**Your assignment**
Which lines below fall between the one containing "招商咨询业务较为繁重,招商现" and the one containing "FK Unusa, UC, dan"? Repeat them exactly, counting both of those lines, and add nothing else.

**Material shown**

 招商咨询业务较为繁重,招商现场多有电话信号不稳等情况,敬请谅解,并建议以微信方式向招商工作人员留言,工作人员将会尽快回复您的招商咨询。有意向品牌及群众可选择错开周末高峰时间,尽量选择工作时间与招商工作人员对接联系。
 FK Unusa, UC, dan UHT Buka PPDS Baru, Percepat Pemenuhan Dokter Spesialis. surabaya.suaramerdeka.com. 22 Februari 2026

---

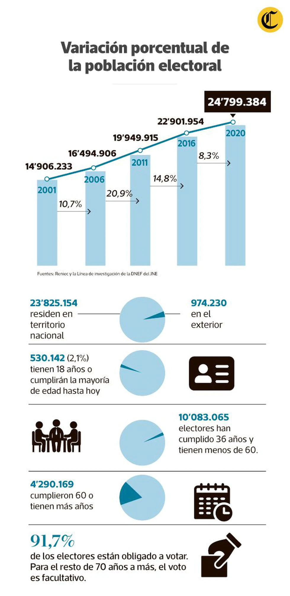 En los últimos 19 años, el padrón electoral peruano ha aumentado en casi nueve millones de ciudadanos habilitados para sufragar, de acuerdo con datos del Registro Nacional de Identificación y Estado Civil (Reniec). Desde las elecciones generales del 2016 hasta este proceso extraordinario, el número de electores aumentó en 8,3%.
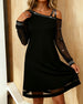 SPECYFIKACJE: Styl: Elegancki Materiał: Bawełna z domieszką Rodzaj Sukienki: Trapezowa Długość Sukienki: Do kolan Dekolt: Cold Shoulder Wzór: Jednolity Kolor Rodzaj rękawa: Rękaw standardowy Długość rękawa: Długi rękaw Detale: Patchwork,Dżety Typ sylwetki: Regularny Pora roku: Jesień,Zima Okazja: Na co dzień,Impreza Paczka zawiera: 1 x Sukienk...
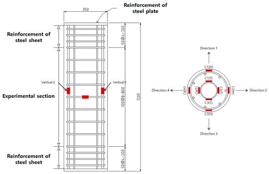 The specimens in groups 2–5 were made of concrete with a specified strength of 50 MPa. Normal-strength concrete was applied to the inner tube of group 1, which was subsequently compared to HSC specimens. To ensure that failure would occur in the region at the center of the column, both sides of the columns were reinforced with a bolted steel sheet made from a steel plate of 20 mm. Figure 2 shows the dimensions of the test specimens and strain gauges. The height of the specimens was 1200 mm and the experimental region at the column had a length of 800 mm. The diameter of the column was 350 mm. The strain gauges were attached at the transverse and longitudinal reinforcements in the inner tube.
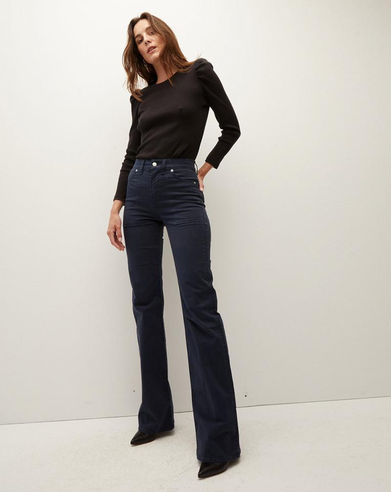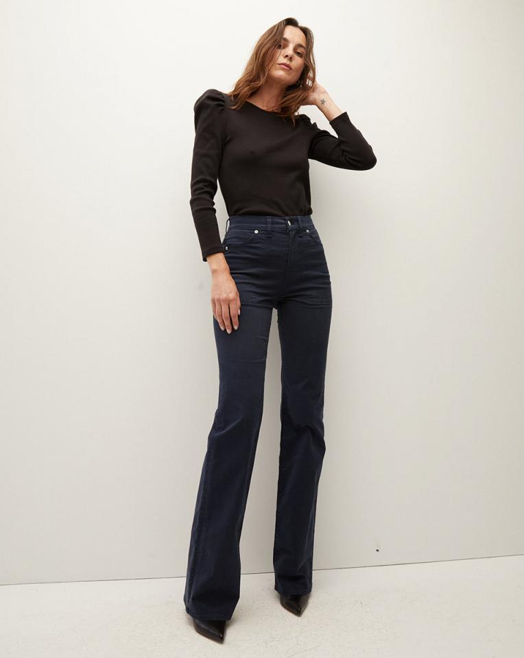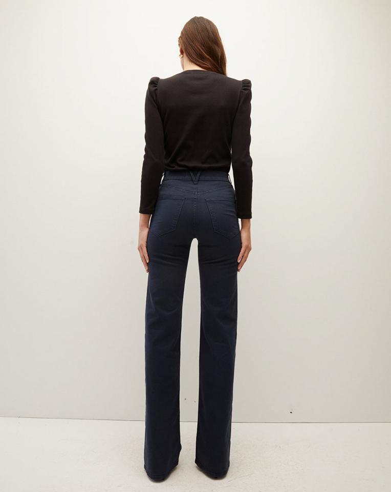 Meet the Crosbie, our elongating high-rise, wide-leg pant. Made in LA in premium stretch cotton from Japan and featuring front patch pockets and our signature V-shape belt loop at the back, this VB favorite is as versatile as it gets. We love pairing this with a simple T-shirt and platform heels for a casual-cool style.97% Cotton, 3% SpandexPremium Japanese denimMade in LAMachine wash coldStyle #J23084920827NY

==

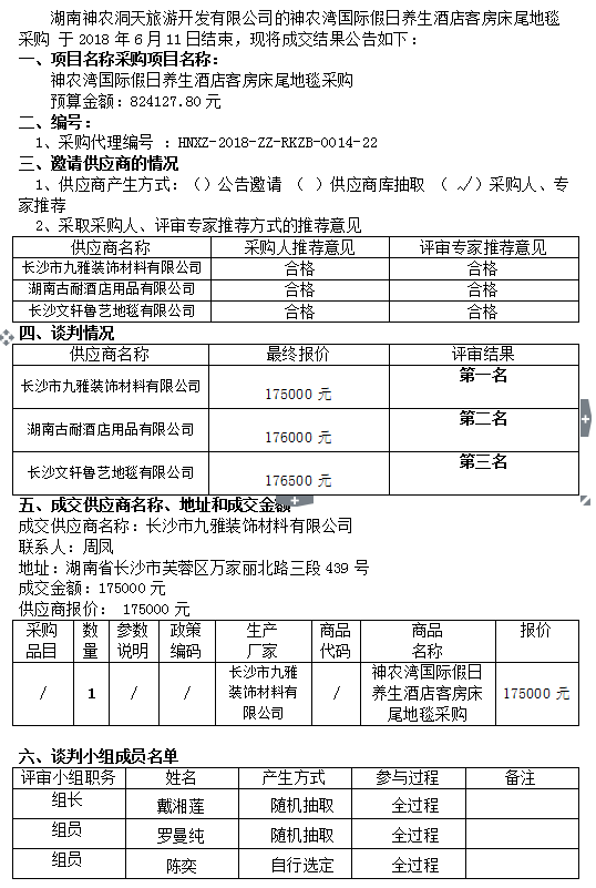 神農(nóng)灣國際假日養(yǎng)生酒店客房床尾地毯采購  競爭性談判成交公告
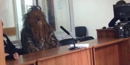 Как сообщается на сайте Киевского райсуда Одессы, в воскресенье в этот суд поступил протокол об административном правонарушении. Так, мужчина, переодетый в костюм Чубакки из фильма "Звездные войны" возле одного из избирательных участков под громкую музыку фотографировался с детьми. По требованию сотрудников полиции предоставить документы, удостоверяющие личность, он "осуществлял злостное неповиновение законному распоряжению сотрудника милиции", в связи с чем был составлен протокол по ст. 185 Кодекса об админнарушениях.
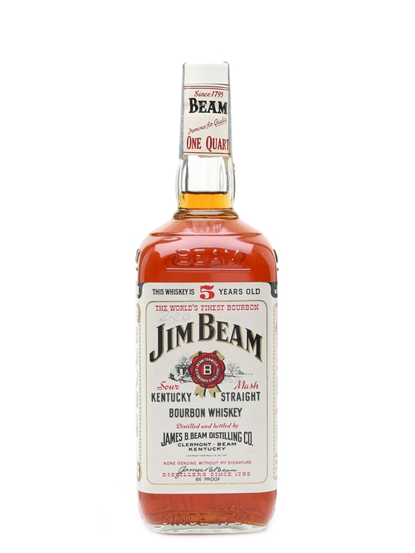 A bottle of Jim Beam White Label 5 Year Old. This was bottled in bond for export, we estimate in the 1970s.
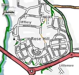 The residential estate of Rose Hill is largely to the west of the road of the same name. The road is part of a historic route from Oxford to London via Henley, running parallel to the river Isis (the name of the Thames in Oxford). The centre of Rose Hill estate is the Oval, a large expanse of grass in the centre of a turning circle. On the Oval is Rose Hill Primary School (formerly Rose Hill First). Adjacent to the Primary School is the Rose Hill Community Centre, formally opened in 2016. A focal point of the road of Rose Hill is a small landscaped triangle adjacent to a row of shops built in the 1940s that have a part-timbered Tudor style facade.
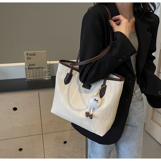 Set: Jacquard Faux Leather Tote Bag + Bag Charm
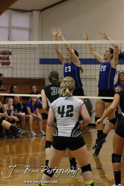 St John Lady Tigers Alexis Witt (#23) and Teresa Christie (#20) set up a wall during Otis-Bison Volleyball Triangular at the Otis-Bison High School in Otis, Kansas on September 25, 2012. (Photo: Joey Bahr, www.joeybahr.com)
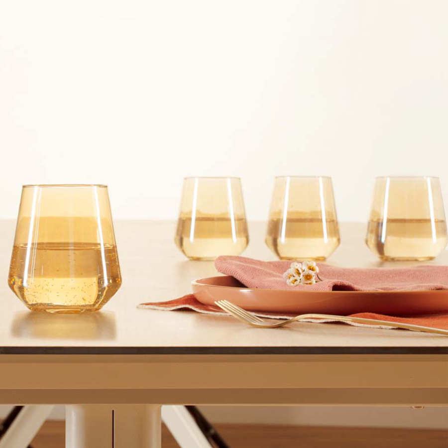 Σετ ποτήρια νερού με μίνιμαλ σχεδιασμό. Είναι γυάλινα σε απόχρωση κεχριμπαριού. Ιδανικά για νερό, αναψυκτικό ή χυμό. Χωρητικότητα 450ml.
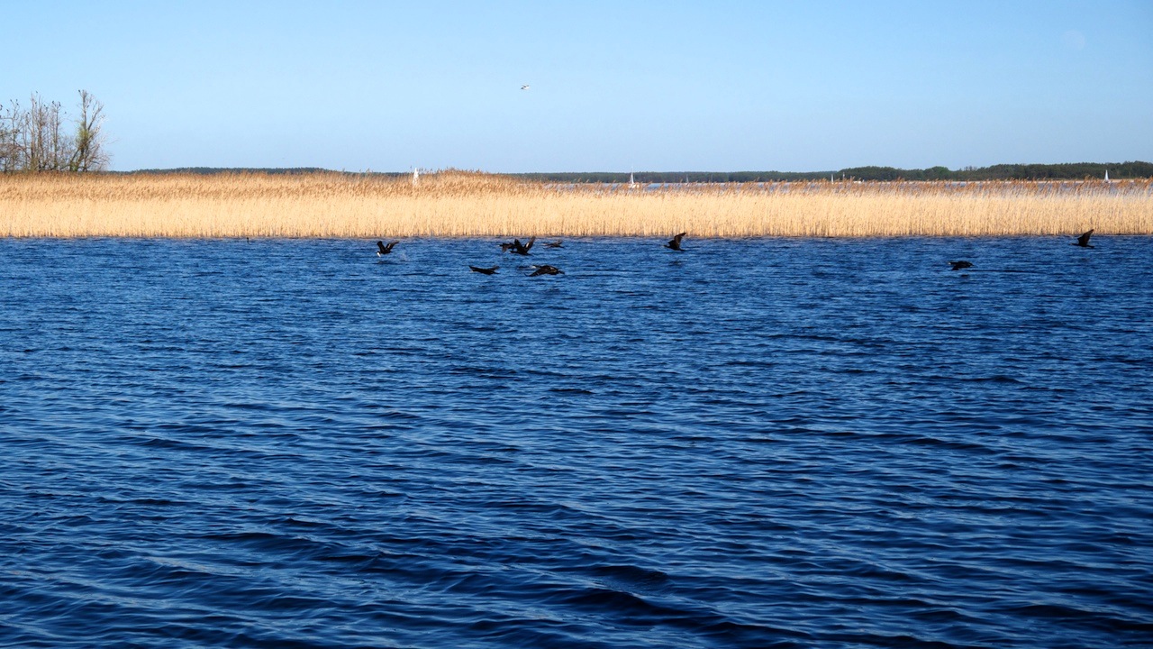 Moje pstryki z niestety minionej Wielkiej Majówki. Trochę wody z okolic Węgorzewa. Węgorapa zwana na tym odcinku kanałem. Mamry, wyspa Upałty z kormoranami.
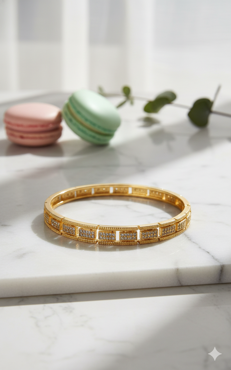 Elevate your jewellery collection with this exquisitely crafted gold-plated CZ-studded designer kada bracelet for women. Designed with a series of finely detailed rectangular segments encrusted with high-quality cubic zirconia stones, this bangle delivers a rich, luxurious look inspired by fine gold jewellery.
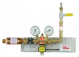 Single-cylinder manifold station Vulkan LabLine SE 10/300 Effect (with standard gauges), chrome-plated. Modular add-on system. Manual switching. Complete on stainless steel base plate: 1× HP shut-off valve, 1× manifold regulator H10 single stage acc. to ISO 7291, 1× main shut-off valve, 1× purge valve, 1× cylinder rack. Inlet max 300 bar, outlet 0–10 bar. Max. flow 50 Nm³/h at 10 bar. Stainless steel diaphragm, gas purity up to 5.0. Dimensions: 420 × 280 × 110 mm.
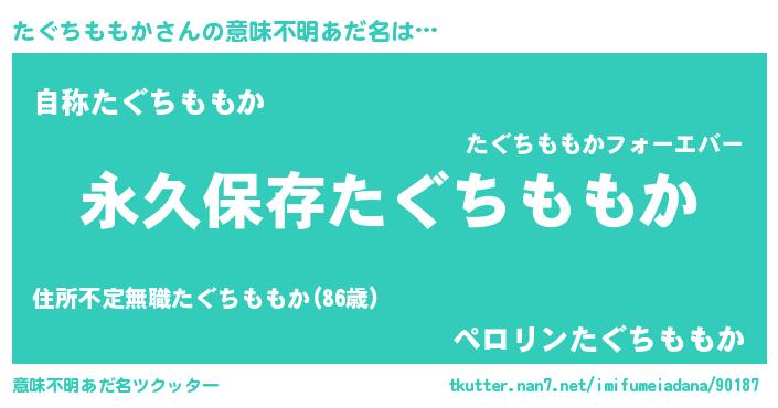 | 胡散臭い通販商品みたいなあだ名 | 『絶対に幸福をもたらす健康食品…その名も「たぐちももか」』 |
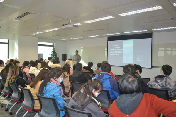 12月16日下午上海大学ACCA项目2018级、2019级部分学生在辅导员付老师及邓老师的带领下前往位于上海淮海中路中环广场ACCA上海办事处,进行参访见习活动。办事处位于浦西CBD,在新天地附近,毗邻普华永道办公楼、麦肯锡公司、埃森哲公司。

**Answer**
 招商咨询业务较为繁重,招商现场多有电话信号不稳等情况,敬请谅解,并建议以微信方式向招商工作人员留言,工作人员将会尽快回复您的招商咨询。有意向品牌及群众可选择错开周末高峰时间,尽量选择工作时间与招商工作人员对接联系。
 FK Unusa, UC, dan UHT Buka PPDS Baru, Percepat Pemenuhan Dokter Spesialis. surabaya.suaramerdeka.com. 22 Februari 2026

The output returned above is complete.